Here is an implementation using the Google API for .NET in VB.NET and C#.
File Program.cs
using System;
using System.Collections.Generic;
using System.IO;
using System.Text;
using System.Text.RegularExpressions;
using Google.API.Translate;
namespace TokenizingTranslatorCS
{
internal class Program
{
private static readonly TranslateClient Client =
new TranslateClient("http://code.google.com/p/google-api-for-dotnet/");
private static void Main(string[] args)
{
Language originalLanguage = Language.English;
Language targetLanguage = Language.German;
string filename = args[0];
StringBuilder output = new StringBuilder();
string[] input = File.ReadAllLines(filename);
foreach (string line in input)
{
List<string> translatedSentences = new List<string>();
string[] sentences = Regex.Split(line, "\\b(?<sentence>.*?[\\.!?](?:\\s|$))");
foreach (string sentence in sentences)
{
string sentenceToTranslate = sentence.Trim();
if (!string.IsNullOrEmpty(sentenceToTranslate))
{
translatedSentences.Add(TranslateSentence(sentence, originalLanguage, targetLanguage));
}
}
output.AppendLine(string.Format("{0}{1}", string.Join(" ", translatedSentences.ToArray()),
Environment.NewLine));
}
Console.WriteLine("Translated:{0}{1}{0}", Environment.NewLine, string.Join(Environment.NewLine, input));
Console.WriteLine("To:{0}{1}{0}", Environment.NewLine, output);
Console.WriteLine("{0}Press any key{0}", Environment.NewLine);
Console.ReadKey();
}
private static string TranslateSentence(string sentence, Language originalLanguage, Language targetLanguage)
{
string translatedSentence = Client.Translate(sentence, originalLanguage, targetLanguage);
return translatedSentence;
}
}
}
File Module1.vb
Imports System.Text.RegularExpressions
Imports System.IO
Imports System.Text
Imports Google.API.Translate
Module Module1
Private Client As TranslateClient = New TranslateClient("http://code.google.com/p/google-api-for-dotnet/")
Sub Main(ByVal args As String())
Dim originalLanguage As Language = Language.English
Dim targetLanguage As Language = Language.German
Dim filename As String = args(0)
Dim output As New StringBuilder
Dim input As String() = File.ReadAllLines(filename)
For Each line As String In input
Dim translatedSentences As New List(Of String)
Dim sentences As String() = Regex.Split(line, "\b(?<sentence>.*?[\.!?](?:\s|$))")

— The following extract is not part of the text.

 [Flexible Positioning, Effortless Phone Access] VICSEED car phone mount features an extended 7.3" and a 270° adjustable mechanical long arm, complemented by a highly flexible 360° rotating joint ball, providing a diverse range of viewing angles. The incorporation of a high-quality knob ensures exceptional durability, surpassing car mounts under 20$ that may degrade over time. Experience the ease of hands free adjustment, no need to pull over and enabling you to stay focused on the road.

For Each sentence As String In sentences
Dim sentenceToTranslate As String = sentence.Trim
If Not String.IsNullOrEmpty(sentenceToTranslate) Then
translatedSentences.Add(TranslateSentence(sentence, originalLanguage, targetLanguage))
End If
Next
output.AppendLine(String.Format("{0}{1}", String.Join(" ", translatedSentences.ToArray), Environment.NewLine))
Next
Console.WriteLine("Translated:{0}{1}{0}", Environment.NewLine, String.Join(Environment.NewLine, input))
Console.WriteLine("To:{0}{1}{0}", Environment.NewLine, output)

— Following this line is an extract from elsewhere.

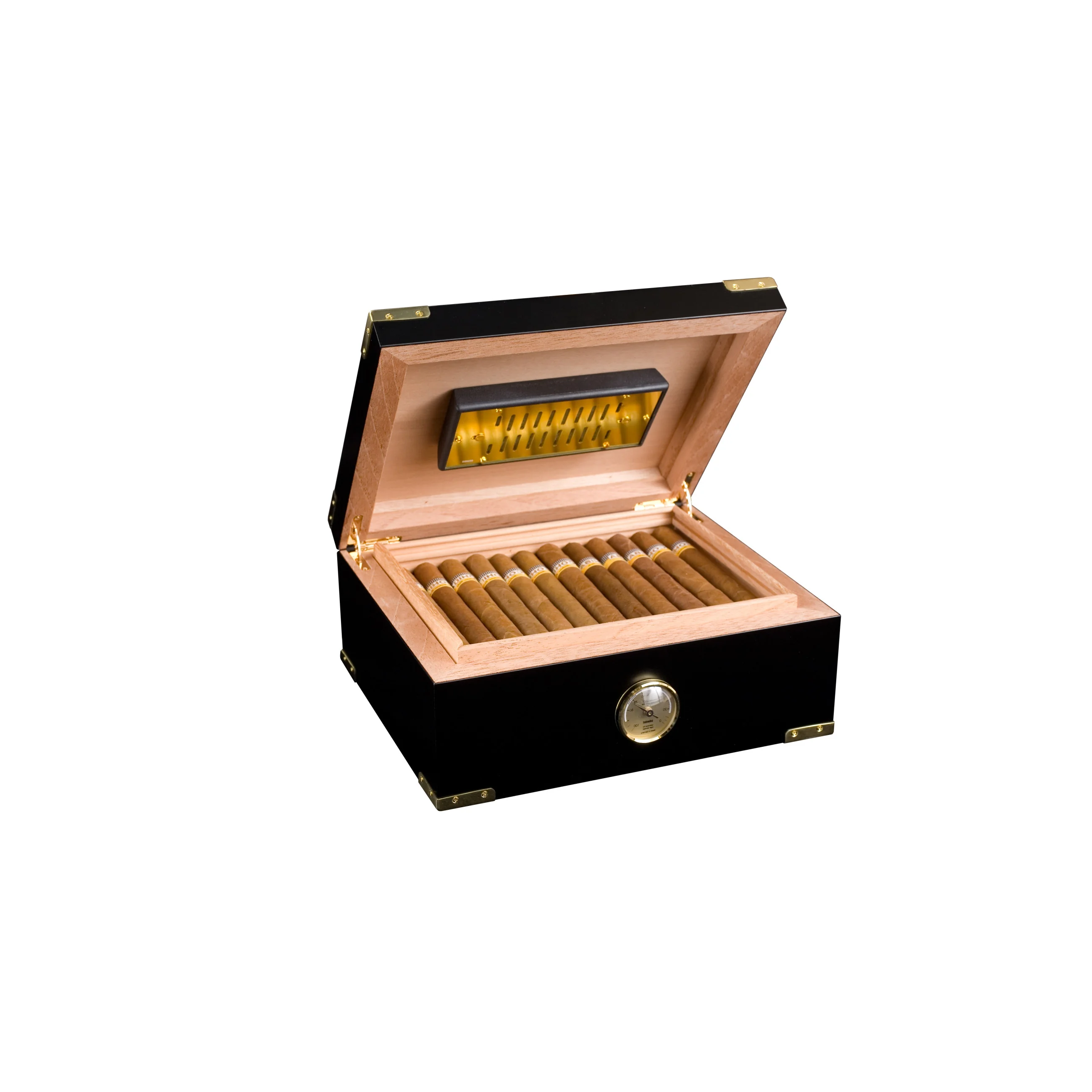 安道里尼豪华镀金丙烯酸聚合物湿度计可以高效调节最多75 支皇冠(Corona)大小的雪茄 。这款精心打造的珍品含可调节的通风孔,能够将湿度水平调整到最适合你的雪茄的范围内。湿度计通过磁铁以及雪松木板下方的金属板吸附在盖子下方,以优化空间利用率和湿度管理。

Console.WriteLine("{0}Press any key{0}", Environment.NewLine)
Console.ReadKey()
End Sub
Private Function TranslateSentence(ByVal sentence As String, ByVal originalLanguage As Language, ByVal targetLanguage As Language) As String
Dim translatedSentence As String = Client.Translate(sentence, originalLanguage, targetLanguage)
Return translatedSentence
End Function
End Module
Just to prove a point I threw this
together :) It is rough around the
edges, but it will handle a WHOLE lot
of text and it does just as good as
Google for translation accuracy
because it uses the Google API. I
processed Apple's entire 2005 SEC 10-K
filing with this code and the click of
one button (took about 45 minutes).
The result was basically identical to
what you would get if you copied and
pasted one sentence at a time into
Google Translator. It isn't perfect
(ending punctuation is not accurate
and I didn't write to the text file
line by line), but it does show proof
of concept. It could have better
punctuation if you worked with Regex
some more.
Results (to German for typoking):
Nur um zu beweisen einen Punkt warf
ich dies zusammen:) Es ist Ecken und
Kanten, aber es wird eine ganze Menge
Text umgehen und es tut so gut wie
Google für die Genauigkeit der
Übersetzungen, weil es die Google-API
verwendet. Ich verarbeitet Apple's
gesamte 2005 SEC 10-K Filing bei
diesem Code und dem Klicken einer
Taste (dauerte ca. 45 Minuten). Das
Ergebnis war im wesentlichen identisch
zu dem, was Sie erhalten würden, wenn
Sie kopiert und eingefügt einem Satz
in einer Zeit, in Google Translator.
Es ist nicht perfekt (Endung
Interpunktion ist nicht korrekt und
ich wollte nicht in die Textdatei
Zeile für Zeile) schreiben, aber es
zeigt proof of concept. Es hätte
besser Satzzeichen, wenn Sie mit Regex
arbeitete einige mehr.